First was the potential for reducing the amount of code. In terms of source size, object size, and ease of building, a pure D implementation was likely to be smaller and easier to manage. But by how much?
Second, the Open-RJ Library seemed almost ideally suited to the D language. An Open-RJ database is essentially a sequence of lines of text, within which fields are defined and organized into records. One area in which D performs well is in the manipulation of strings, which pretty much covers the complexity of parsing an Open-RJ database. Coupled with the fact that D is a garbage-collecting language and uses exceptions as its default error-handling paradigm (at least for OOP; it also supports procedural programming with error return codes), it would mean you would have very little (mental or coding) overhead when handling parsing errors. Further, D's use of garbage collection means that the custom memory facilities in the C Library can simply be dropped out of the 100-percent D implementation, saving a little complexity.

(In truth, there was a third factor. Walter Bright, D's creator, was keen to have an Open-RJ implementation in the D Standard Library, but not so keen to have the mapped Open-RJ C Library in there. Since one tends to want more users rather than fewer, I was naturally swayed by this political factor to at least examine the other two.)

Code Sizes

Table 1 lists the files involved in the Open-RJ C Library and the D mapping for Version 1.2.1. It includes the size of each source file along with the resultant compiled object size. Table 2 lists the files involved for Open-RJ/D in Version 1.3.1. Because the D mappings in 1.3.1 are independent of the C Library, those files are not included, though they are of course still required for the other supported languages.
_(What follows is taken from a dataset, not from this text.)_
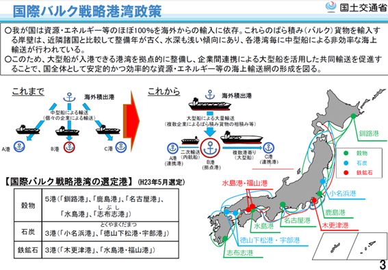 外洋から多数の中型船で輸送し、浅い港で個別に荷受けするより、大型船が入港可能な深い港を全国に何ヶ所か整備する政策を進めています(より小さい港にはそこから積み替えて運ぶなどします)。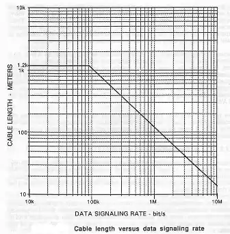 The relation between the cable length and clock frequency is shown in the following figure.[2] This can be used as a conservative guide. This curve is based upon empirical data using a 24 AWG Standard, copper conductor, unshielded twisted-pair telephone cable with a shunt capacitance of 52.5 pF/meter (16 pF/foot) terminated in a 100 Ohm resistive load. The cable length restriction shown by the curve is based upon assumed load signal quality requirements of:

From the tables, you can see that the 100-percent pure D implementation is significantly smaller, going from eight files to one, and from 110,779 bytes to 27,373 bytes (~24 percent). That's clearly a win for simplicity and brevity.

In these times of open source, the inclination is for all source files to carry appropriate identifying information, including author, owner, license, homepage URL, and so on. Thus, all of the aforementioned files carry about 2400 bytes of comments containing this information. But even when you take this into account for something more properly approaching the lines of code measured, you still end up with about 91.5K versus 25K (~27 percent).
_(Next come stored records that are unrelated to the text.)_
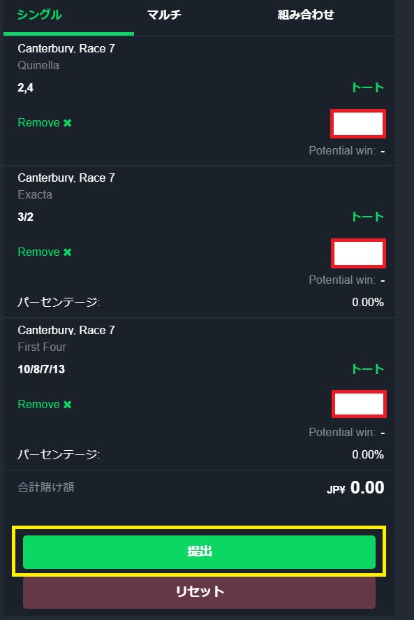 賭けたいオッズをクリックするとベット画面が開くので赤枠に賭け金を入力します。これで提出を押すとベットが完了します。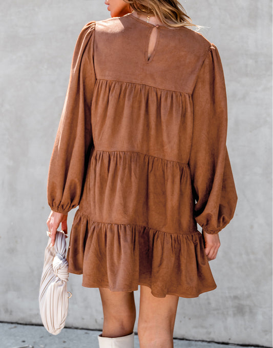 Plus Size Glitter Metallic Bell Sleeve Round Neck Mini Dress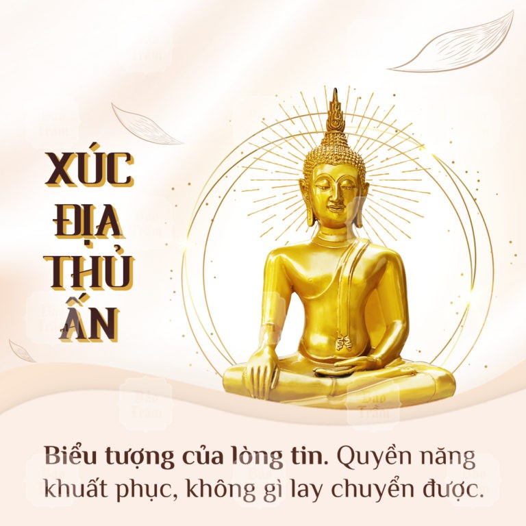 Đức phật có tư thế xúc địa thủ ấn luôn được mô tả trong tư thế ngồi kiết già hoặc bán già, với bàn tay trái đặt trên đùi, lòng bàn tay hướng lên trên như trong ấn Thiền Định còn tay phải duỗi xuống, lòng bàn tay xoay vào trong, mu bàn tay đưa ra ngoài, các ngón tay hướng xuống đất. Thủ ấn này dựa theo sự tích ghi trong Chú giải Phật sử. Khi Ngài ngồi hành thiền trong đêm rằm tháng Vesak, Ma Vươngxuất hiện quấy nhiễu Ngài.Đức Phật từ tư thế thiền định, đặt bàn tay phải chạm đất và tuyên bố: “Mặt đất này là chứng nhân, đã chứng kiến qua nhiều kiếp, ta đã hoàn thiện hạnh Bố thí Ba La Mật, hạnh Trì giới Ba La Mật, và các Ba La Mật khác.” Ngay lúc đó, mặt đất rung chuyển, với âm thanh vang dội khắp vũ trụ. Ma vương run sợ, thất bại, và rút lui.

Of arguably greater interest to D users are the relative object code sizes. Here, however, the advantage is much reduced: The 100-percent D version saves only 20 percent in code size. You can infer a couple of things from this. First, the implementation of the Open-RJ C Library is pretty tight. Second, the design decision to make the Open-RJ String structure binary-compatible with D was a wise one because the compiled form of the interface file is only 338 bytes. Since the 1.3.1 pure D implementation does not support custom memory management and restricts itself to reading databases from memory, you can probably estimate the object size saving to be around 10-15 percent.

All in all, I'd say that neither the source code nor the object code sizes are overwhelmingly persuasive in the pursuit of 100-percent pure D, though they're certainly encouraging. Rather, it's that the management is dramatically simplified. The impact on the building of the D Standard Library is now the simple addition of rudimentary entries in the UNIX and Win32 makefiles, rather than the much more involved task of handling the .c + .h + .D and sublibraries.

Dry Spot

There's a fine principal in software engineering of only defining things once, variously known as DRY ("Don't Repeat Yourself" [4]) and SPOT ("Single Point Of Truth" [2]). Whatever you call it, the common sense of it is apparent: As soon as there is more than a single point of definition, there's a certain inevitable discomfiture waiting for you when the definitions diverge.

When writing libraries that are intended to work on several platforms, with several compilers, and be mapped to several languages, violating this principle is not a trivial matter. However, in this case, the single point of truth is the definition of the Open-RJ format itself, which is (conceptually, at least) different from the implementation of the Open-RJ C Library. It is based on the Record-JAR format ([1], [5]) but adds the ability to extend lines with trailing backslashes. Although Open-RJ is a useful reference implementation, providing an entirely separate implementation point in the form of Open-RJ/D does not, in principle, violate the format.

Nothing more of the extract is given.